It's not as if The Darkness 2 is without its charm. The brilliant Darkling companion makes a welcome return, adorned in his union flag miniskirt, gleefully pissing on the recently disassembled ensemble from the outset, and turning the air gremlin-fart green at any given moment. He's responsible for some of the Darkness II's throwaway sense of humour too. Finding him humming Great Britain's unofficial back-up anthem 'Rule Britannia' to himself, is particularly amusing. Hearing ladies of negotiable affection muttering “Hotdog down a hallway? What does that even mean?” while visiting a dank brothel, go over well too. The score is another strong point, orchestral and dramatic backing peaks appropriately, even if sometimes it is noticeably repetitive. During the hospital scenes, tentative piano complements a warm, pulmonary baseline. Weaponry clicks and clacks with authentic cartoon realism, and at its best, The Darkness II has moments of climactic, post-Gotham fusion.

Digital Extremes shouldn't feel too bad about their attempts to keep things interesting, they have made a good fist of blurring the line between fantasy and reality, as Jackie awakes repeatedly in the bright-white halls of what appears to be a mental institution, at points throughout, only to find himself back in an unwelcoming back alley within minutes. As the story concludes however, the density of any of the occurring distractions proves to be wafer-thin and unimportant. Jackie's longing to be reunited with his departed soul mate Jenny should strike a chord, as fond memories of their time together are brought to the fore, but these moments rely too heavily on the poignant romance of the first game. If you sat through much of To Kill A Mockingbird, or watched the emphatic nature of Jenny's end while playing through The Darkness, the sense of what could have been in The Darkness II will be palpable.

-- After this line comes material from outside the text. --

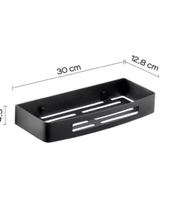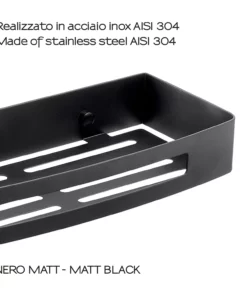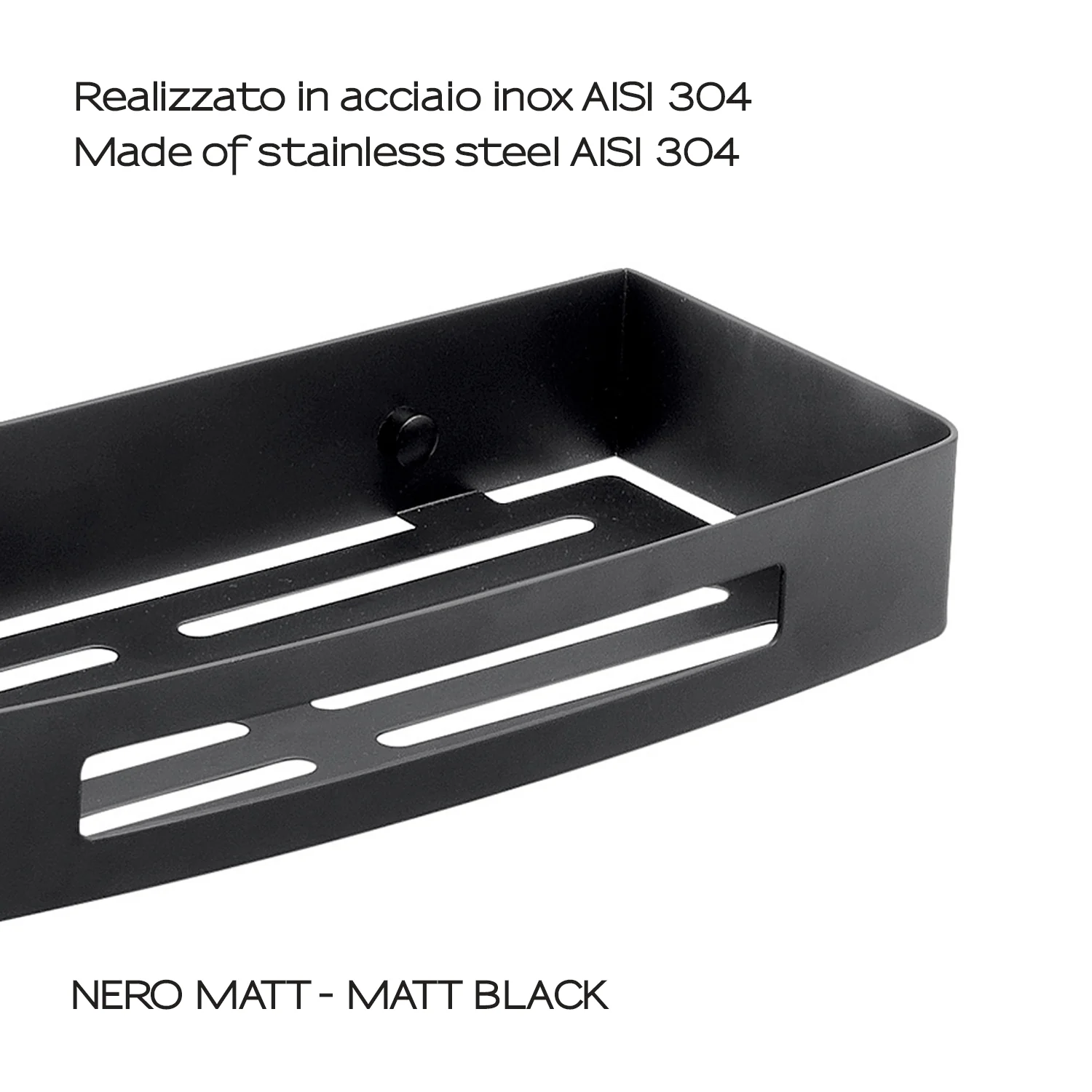 Portaobjetos Rectangular Negro Mate de la serie NERVA fabricado por Gedy en Italia. Acabado color negro mate. Fabricado en acero inox aisi 304.

If not, there is nothing to engage you emotionally with any of the frequent faux-dream sequences, lamenting her passing. The bigger picture suffers in the same way, when finally confronted by the limping man, he is inexplicably familiar with your entire life story, and in spite of the logical reasons he has for wanting your attention, the venom of his anti-Jackie rhetoric misses a step, somehow.

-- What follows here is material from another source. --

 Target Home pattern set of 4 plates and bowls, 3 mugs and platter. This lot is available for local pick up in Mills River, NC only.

The Darkness II is a product of good will but very little invention, imitation rather than iteration seems to be the stock-in-trade. The winding snake-arm set pieces of the first instalment have been replaced with some first-person darkling plays. Much like the main partition, these prove to be something of a one trick pony, experienced in full within minutes of their birth. The moody subway interactions with NPCs, while relevant first time around, take place in Jackie's luxurious mansion this time out, but really could have been omitted entirely. The result is damaged pacing and reduced suspense. The Darkness II even features an attempt at replicating the shock factor of part one, with one particular moment coming close. Like much of its subject matter, this turns out to be little more than a faint echo of what came before.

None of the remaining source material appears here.